__Aim of the task__
The reply must contain exactly the lines below from the one with "Le protège carnet" down to the one with "秋田新幹線「こまち」の列車に", both included, and nothing more; please omit the pictures.

__The records__
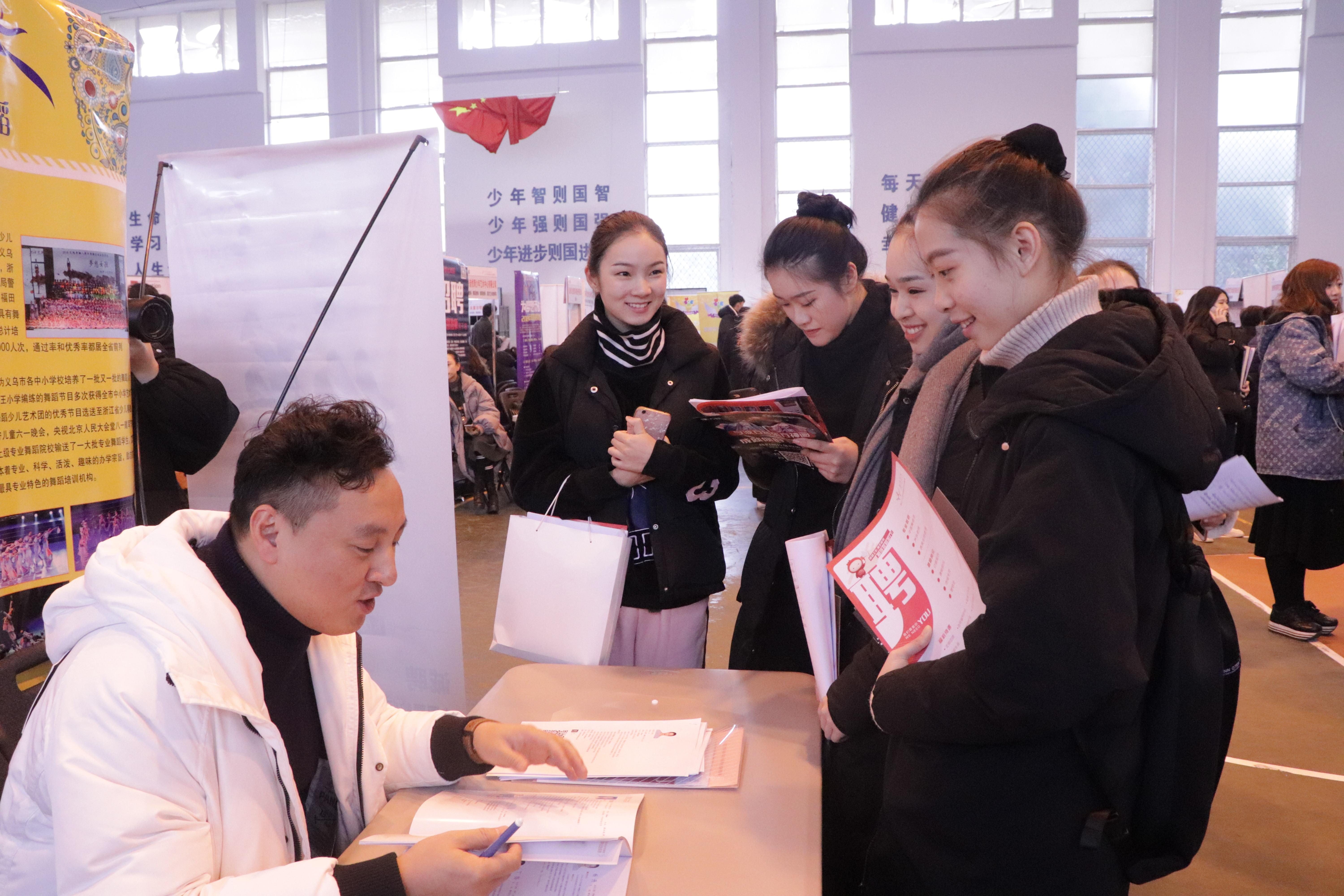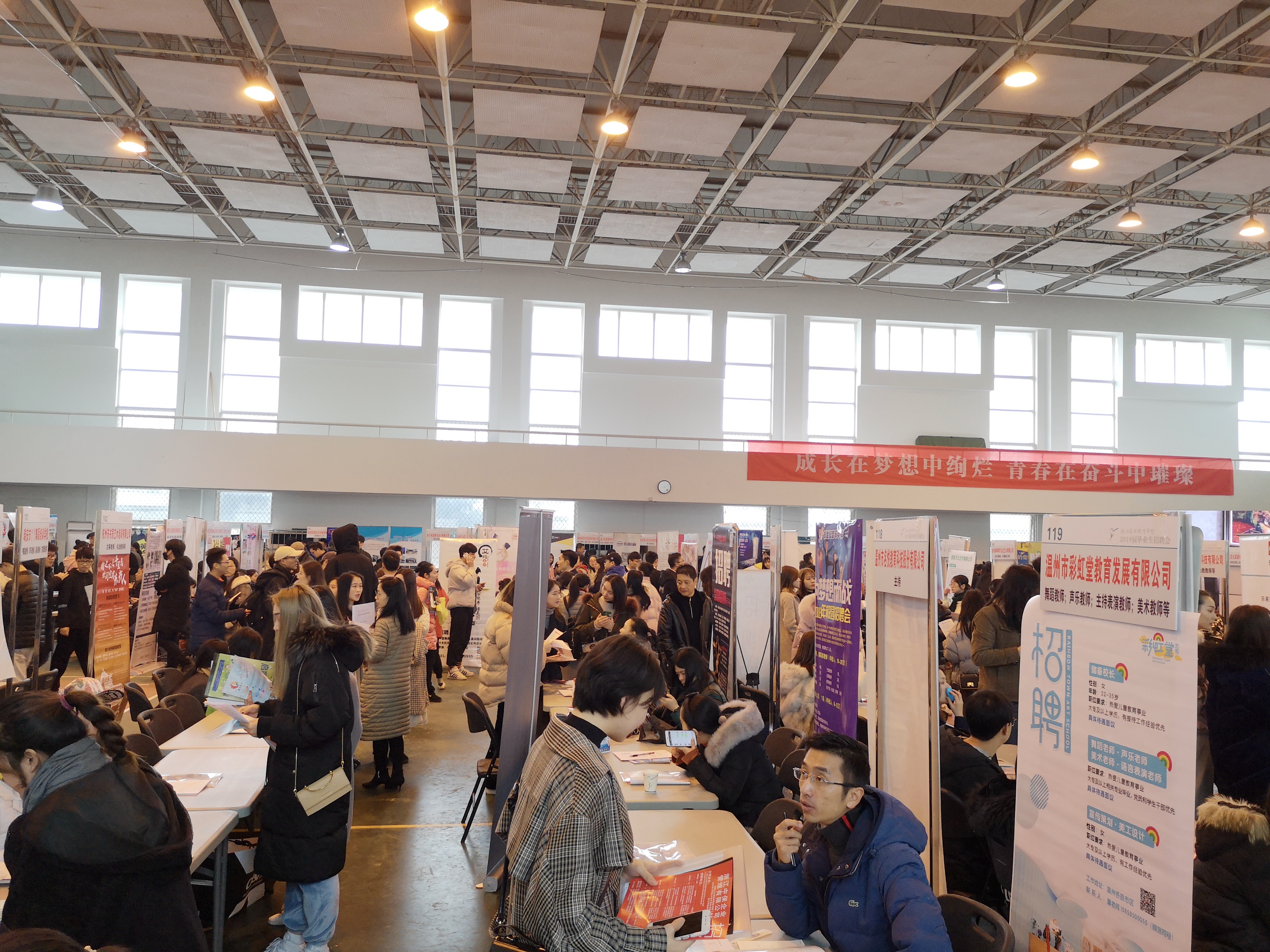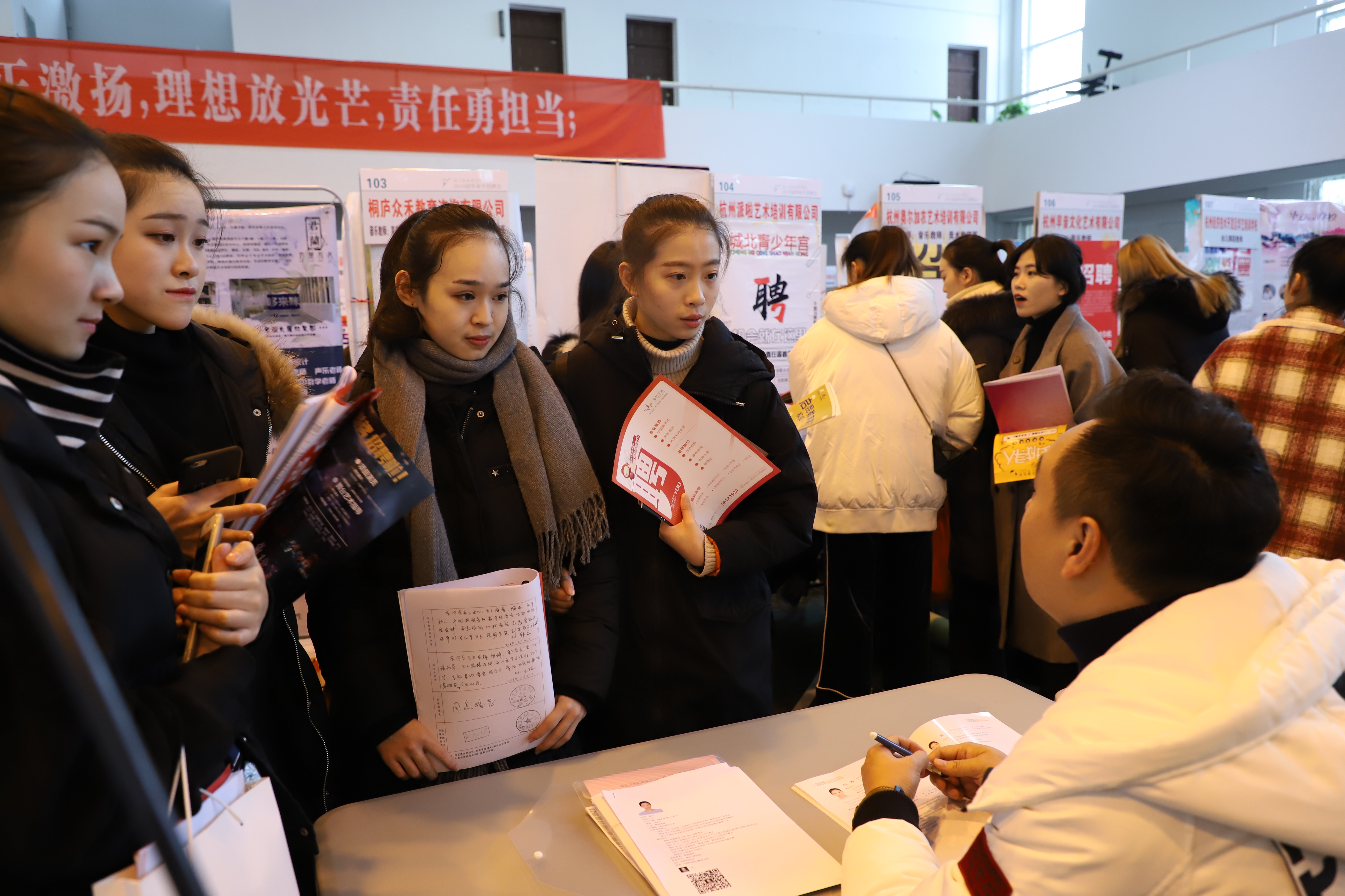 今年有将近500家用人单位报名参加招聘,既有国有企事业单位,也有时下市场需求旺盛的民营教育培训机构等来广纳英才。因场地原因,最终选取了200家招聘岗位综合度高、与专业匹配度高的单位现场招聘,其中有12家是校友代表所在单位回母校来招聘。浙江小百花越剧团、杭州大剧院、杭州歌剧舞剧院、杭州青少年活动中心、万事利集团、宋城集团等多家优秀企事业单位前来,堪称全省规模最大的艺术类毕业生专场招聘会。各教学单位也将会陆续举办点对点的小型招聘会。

==

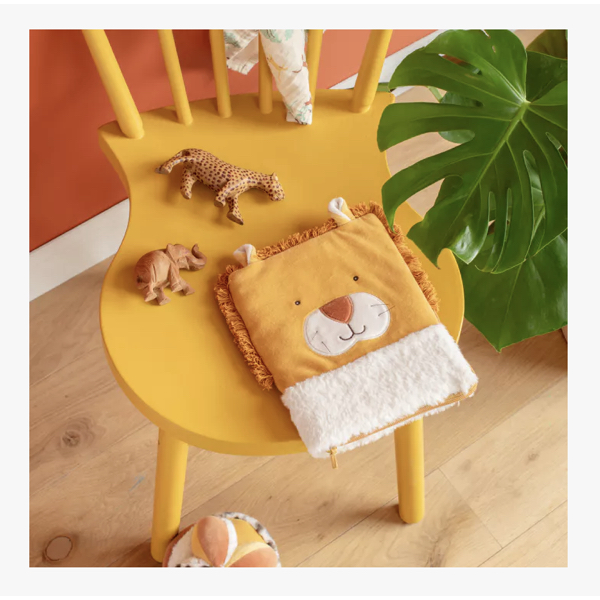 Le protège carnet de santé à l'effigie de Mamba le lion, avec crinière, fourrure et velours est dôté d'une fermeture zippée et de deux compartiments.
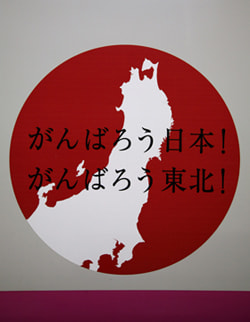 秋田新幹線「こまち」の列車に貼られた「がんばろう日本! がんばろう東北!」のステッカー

__Task response__
 Le protège carnet de santé à l'effigie de Mamba le lion, avec crinière, fourrure et velours est dôté d'une fermeture zippée et de deux compartiments.
 秋田新幹線「こまち」の列車に貼られた「がんばろう日本! がんばろう東北!」のステッカー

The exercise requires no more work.